Python SDK recent additions: list_subagents(), get_subagent_messages() for reading subagent transcripts.
Session store
Protocol parity with TypeScript:
append(session_id, message)— add a turn.load(session_id)— restore conversation.list_sessions()— enumerate.delete(session_id)— with cascade to subagent sessions.list_subkeys(session_id)— list subagent keys.

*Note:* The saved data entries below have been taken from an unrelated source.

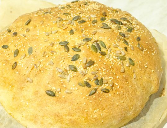 - პურის ზედაპირს გადაუსვით წყალი და მოაყარეთ თესლების ნაზავი (გოგრა, მზესუმზირა, ქუნჯუთი). ღუმელში შედგმულ ცეცხლგამძლე თასში ჩაასხით ცივი წყალი (ორთქლის შესაქმნელად). შედგით პური ღუმელში 15 წუთით. ამ დროს ღუმელის კარი არ გამოაღოთ, რომ ორთქლი არ გამოვიდეს.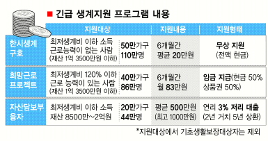 정부는 기초생활보장 수급 혜택을 받지 못하면서 생계에 어려움을 겪는 사람들을 위해 세 가지의 맞춤형 저소득층 지원 프로그램을 마련했다. 우선 가구 소득이 최저생계비(4인 가구 월 133만원)에 못 미치고 연로, 장애, 질환 등으로 근로능력이 없는 50만가구(110만명)에 6개월간 최대 35만원(1인 가구 12만원, 2인 19만원, 3인 25만원, 4인 30만원, 5인 이상 35만원)을 현금으로 주기로 했다.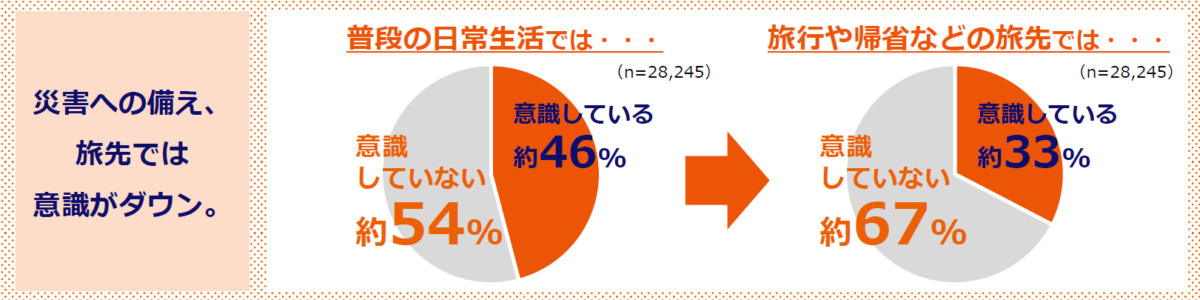 auが行った調査によると、旅行や帰省の際に防災を意識している人は約3割(32.6%)に留まり、被災経験者の4割以上(42.9%)が「旅先で災害時にスマホが使えなくなった」と回答しています。困りごとの上位には「充電切れ」「圏外・電波が不安定」といったスマホ関連が並びます。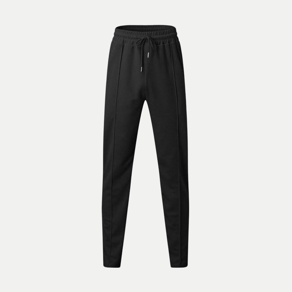 Sleek, modern, and built for all-day ease. The textured waffle fabric delivers breathable comfort with a refined look, while the slim, tapered cut keeps your style sharp. Perfect for casual wear, lounging, or pairing with a smart top for a polished vibe.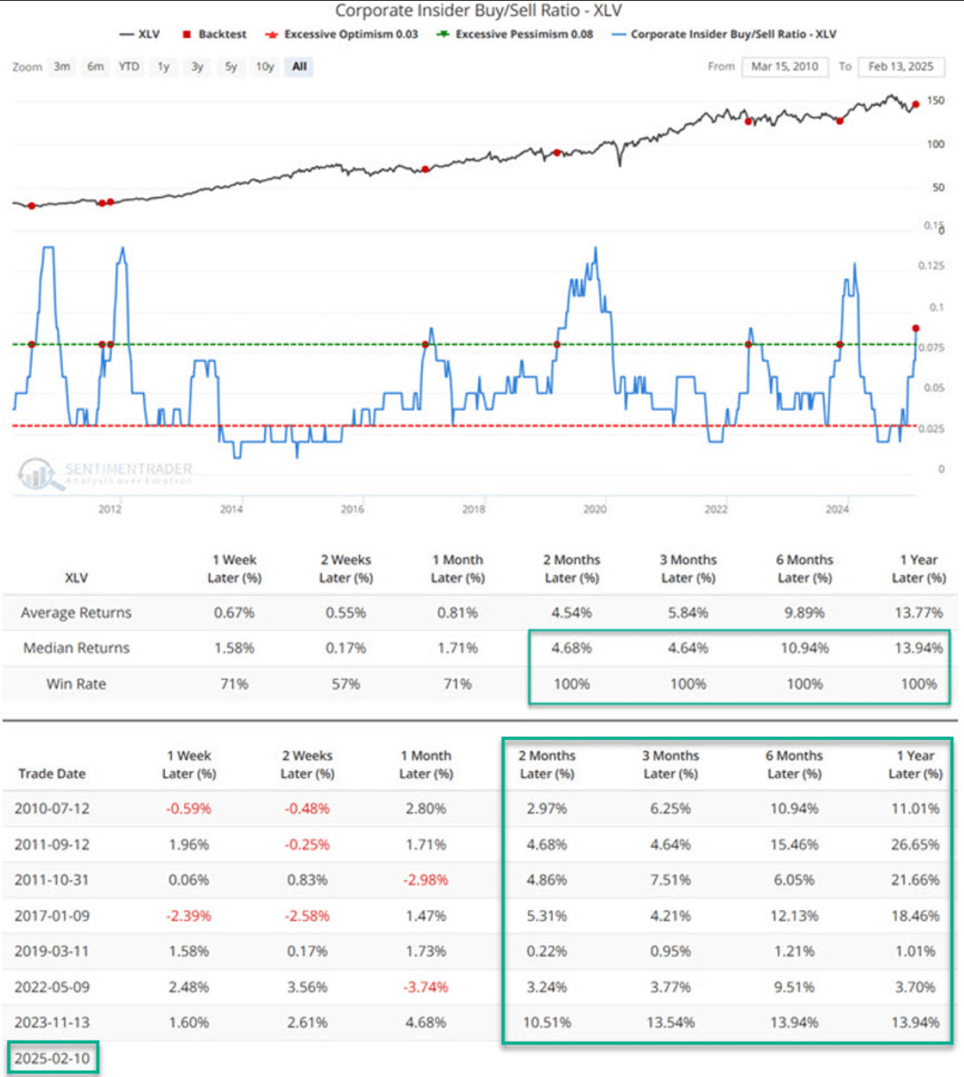 This is a chart overlaying the performance of XLV – the S&P Healthcare ETF – with the corporate insider buy/sell ratio.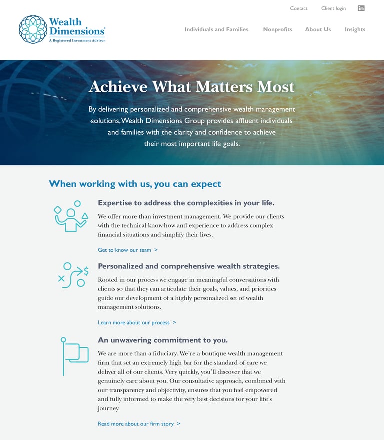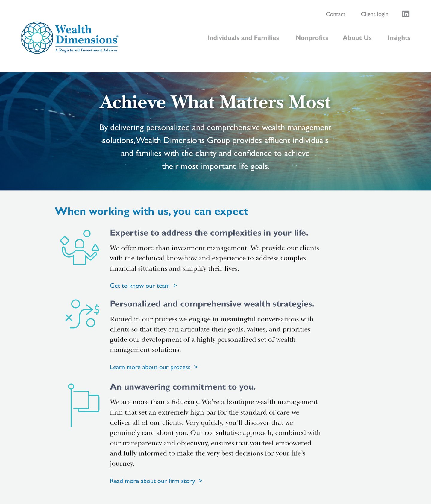 Wealth Dimensions is an investment firm located in Cincinnati. When creating their logo, I was inspired by shapes which suggested lenses, glass, and light. Additionally, I created the brand identity, brand guide, photo selects, and a system of iconography.

--session-mirror (CLI flag) mirrors the transcript to an external file as it streams, for debugging.
Hooks
Lifecycle hooks you can register:
PreToolUse,PostToolUse— gate or audit tool calls.SessionStart,SessionEnd— set up and tear down.UserPromptSubmit— act on user input before the model sees it.PreCompact— run before context compaction.Stop— cleanup on agent exit.Notification— side-channel alerts.
Hooks are how pro-workflow (Phase 14 curriculum reference) and similar systems add cross-cutting behavior.
W3C trace context
OTel spans active on the caller propagate into the CLI subprocess via W3C trace context headers. The whole multi-process trace shows up as one trace in your backend.
Claude Managed Agents
The hosted alternative (beta header managed-agents-2026-04-01). Long-running async work, built-in prompt caching, built-in compaction. Trade control for managed infrastructure.
Where this pattern goes wrong
- Subagent over-spawn. Spawning 100 subagents for 100 tiny tasks. Overhead dominates. Batch instead.
- Hook creep. Every team adds hooks; startup time balloons. Review hooks quarterly.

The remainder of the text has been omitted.